==== Provided entries
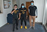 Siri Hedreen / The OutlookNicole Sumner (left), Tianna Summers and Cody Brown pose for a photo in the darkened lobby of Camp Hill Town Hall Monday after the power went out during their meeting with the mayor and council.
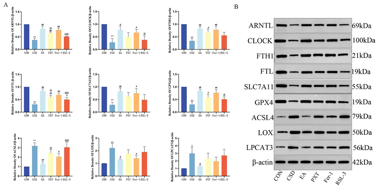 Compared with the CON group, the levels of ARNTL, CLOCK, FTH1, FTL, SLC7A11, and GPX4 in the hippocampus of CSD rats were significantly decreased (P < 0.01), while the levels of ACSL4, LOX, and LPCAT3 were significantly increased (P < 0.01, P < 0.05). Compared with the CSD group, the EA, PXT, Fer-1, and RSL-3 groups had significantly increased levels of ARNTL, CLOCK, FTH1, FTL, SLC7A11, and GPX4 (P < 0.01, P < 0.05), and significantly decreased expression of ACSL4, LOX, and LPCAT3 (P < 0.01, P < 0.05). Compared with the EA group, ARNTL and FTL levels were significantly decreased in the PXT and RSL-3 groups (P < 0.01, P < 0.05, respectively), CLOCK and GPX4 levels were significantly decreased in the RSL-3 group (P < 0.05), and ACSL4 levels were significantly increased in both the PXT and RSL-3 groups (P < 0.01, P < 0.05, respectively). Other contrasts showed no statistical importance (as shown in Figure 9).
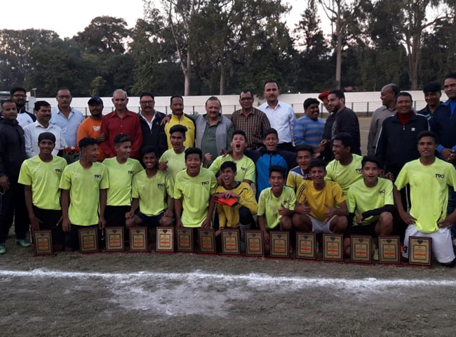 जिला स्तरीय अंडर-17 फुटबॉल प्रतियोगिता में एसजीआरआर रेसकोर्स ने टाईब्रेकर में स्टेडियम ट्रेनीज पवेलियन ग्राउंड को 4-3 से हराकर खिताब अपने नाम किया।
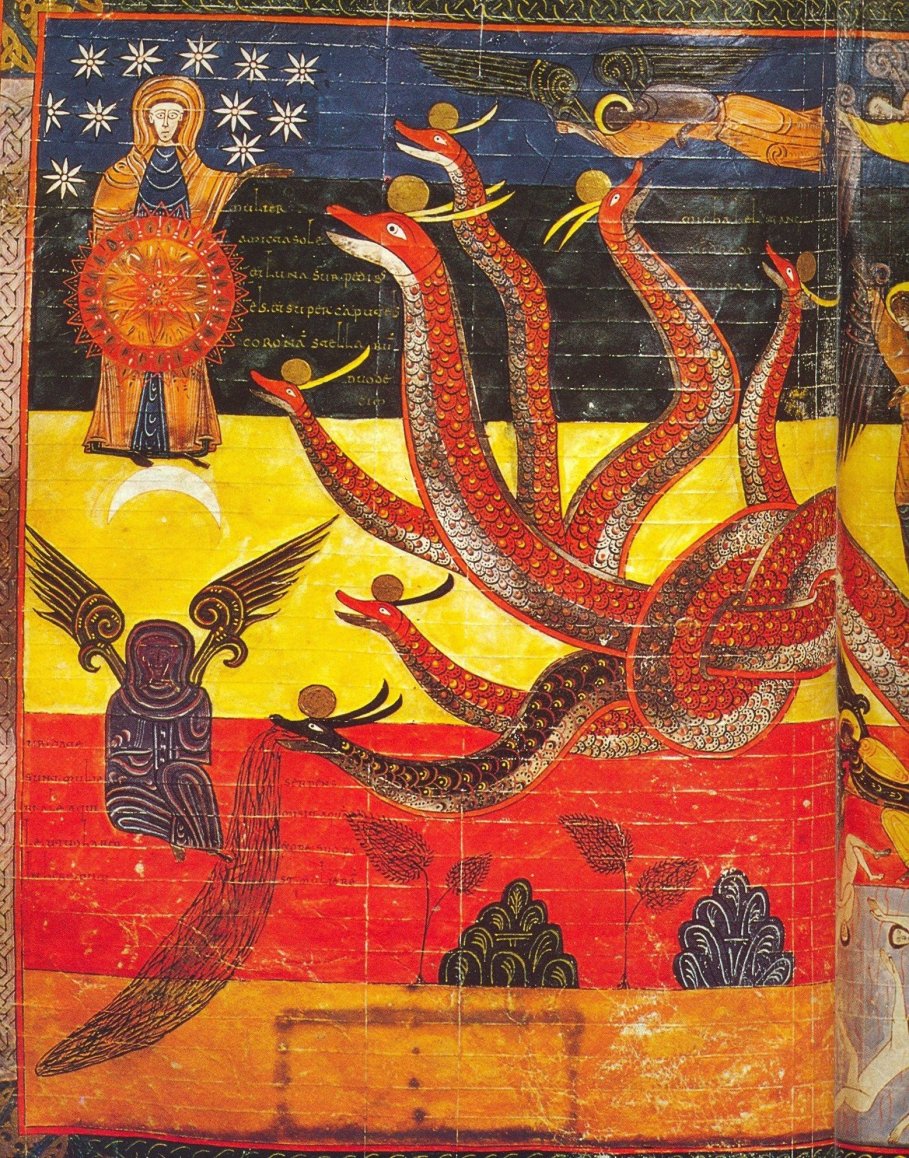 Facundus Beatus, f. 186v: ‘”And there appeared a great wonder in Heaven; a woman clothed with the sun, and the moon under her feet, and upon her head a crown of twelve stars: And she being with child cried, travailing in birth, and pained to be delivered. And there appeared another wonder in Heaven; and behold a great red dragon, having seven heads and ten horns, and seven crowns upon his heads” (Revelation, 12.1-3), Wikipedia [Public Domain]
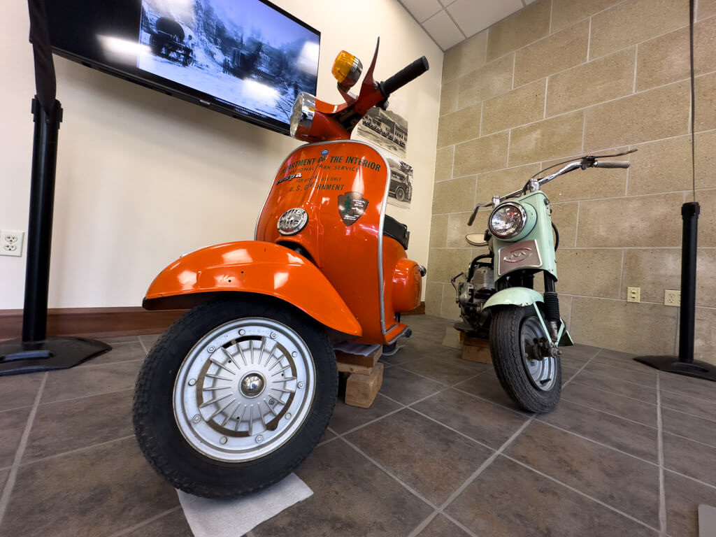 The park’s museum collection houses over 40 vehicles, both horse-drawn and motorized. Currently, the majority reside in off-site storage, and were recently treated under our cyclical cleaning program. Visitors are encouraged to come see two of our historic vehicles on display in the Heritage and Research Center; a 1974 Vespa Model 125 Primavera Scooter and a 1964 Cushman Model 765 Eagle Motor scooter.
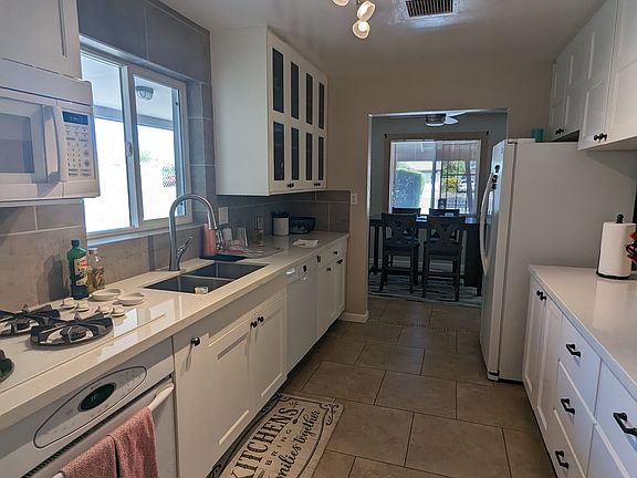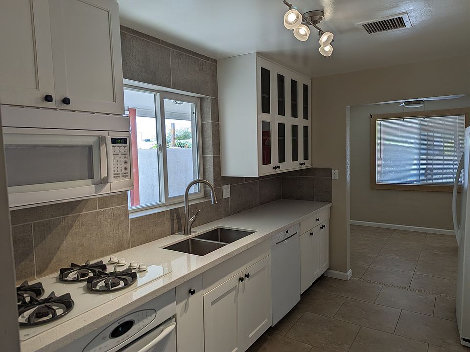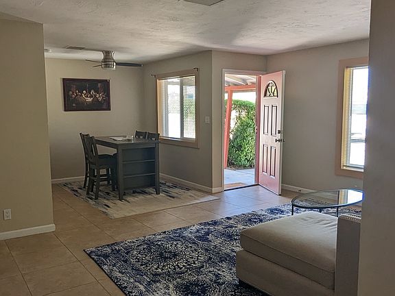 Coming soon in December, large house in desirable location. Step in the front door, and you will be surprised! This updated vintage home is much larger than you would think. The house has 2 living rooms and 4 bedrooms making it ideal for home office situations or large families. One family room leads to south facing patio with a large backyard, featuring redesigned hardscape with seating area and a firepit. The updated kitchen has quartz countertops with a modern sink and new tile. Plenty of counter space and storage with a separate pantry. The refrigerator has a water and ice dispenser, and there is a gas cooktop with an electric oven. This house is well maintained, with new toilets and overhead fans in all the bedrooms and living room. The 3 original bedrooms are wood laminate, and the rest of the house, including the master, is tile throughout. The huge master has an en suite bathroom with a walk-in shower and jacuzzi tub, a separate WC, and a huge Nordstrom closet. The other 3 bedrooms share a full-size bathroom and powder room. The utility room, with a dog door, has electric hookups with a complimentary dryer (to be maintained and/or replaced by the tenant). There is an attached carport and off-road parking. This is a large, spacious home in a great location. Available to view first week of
========
■ Aim of the exercise: All the records need to be printed again exactly as written, though without their pictures.

■ Solution:
 Siri Hedreen / The OutlookNicole Sumner (left), Tianna Summers and Cody Brown pose for a photo in the darkened lobby of Camp Hill Town Hall Monday after the power went out during their meeting with the mayor and council.
 Compared with the CON group, the levels of ARNTL, CLOCK, FTH1, FTL, SLC7A11, and GPX4 in the hippocampus of CSD rats were significantly decreased (P < 0.01), while the levels of ACSL4, LOX, and LPCAT3 were significantly increased (P < 0.01, P < 0.05). Compared with the CSD group, the EA, PXT, Fer-1, and RSL-3 groups had significantly increased levels of ARNTL, CLOCK, FTH1, FTL, SLC7A11, and GPX4 (P < 0.01, P < 0.05), and significantly decreased expression of ACSL4, LOX, and LPCAT3 (P < 0.01, P < 0.05). Compared with the EA group, ARNTL and FTL levels were significantly decreased in the PXT and RSL-3 groups (P < 0.01, P < 0.05, respectively), CLOCK and GPX4 levels were significantly decreased in the RSL-3 group (P < 0.05), and ACSL4 levels were significantly increased in both the PXT and RSL-3 groups (P < 0.01, P < 0.05, respectively). Other contrasts showed no statistical importance (as shown in Figure 9).
 जिला स्तरीय अंडर-17 फुटबॉल प्रतियोगिता में एसजीआरआर रेसकोर्स ने टाईब्रेकर में स्टेडियम ट्रेनीज पवेलियन ग्राउंड को 4-3 से हराकर खिताब अपने नाम किया।
 Facundus Beatus, f. 186v: ‘”And there appeared a great wonder in Heaven; a woman clothed with the sun, and the moon under her feet, and upon her head a crown of twelve stars: And she being with child cried, travailing in birth, and pained to be delivered. And there appeared another wonder in Heaven; and behold a great red dragon, having seven heads and ten horns, and seven crowns upon his heads” (Revelation, 12.1-3), Wikipedia [Public Domain]
 The park’s museum collection houses over 40 vehicles, both horse-drawn and motorized. Currently, the majority reside in off-site storage, and were recently treated under our cyclical cleaning program. Visitors are encouraged to come see two of our historic vehicles on display in the Heritage and Research Center; a 1974 Vespa Model 125 Primavera Scooter and a 1964 Cushman Model 765 Eagle Motor scooter.
 Coming soon in December, large house in desirable location. Step in the front door, and you will be surprised! This updated vintage home is much larger than you would think. The house has 2 living rooms and 4 bedrooms making it ideal for home office situations or large families. One family room leads to south facing patio with a large backyard, featuring redesigned hardscape with seating area and a firepit. The updated kitchen has quartz countertops with a modern sink and new tile. Plenty of counter space and storage with a separate pantry. The refrigerator has a water and ice dispenser, and there is a gas cooktop with an electric oven. This house is well maintained, with new toilets and overhead fans in all the bedrooms and living room. The 3 original bedrooms are wood laminate, and the rest of the house, including the master, is tile throughout. The huge master has an en suite bathroom with a walk-in shower and jacuzzi tub, a separate WC, and a huge Nordstrom closet. The other 3 bedrooms share a full-size bathroom and powder room. The utility room, with a dog door, has electric hookups with a complimentary dryer (to be maintained and/or replaced by the tenant). There is an attached carport and off-road parking. This is a large, spacious home in a great location. Available to view first week of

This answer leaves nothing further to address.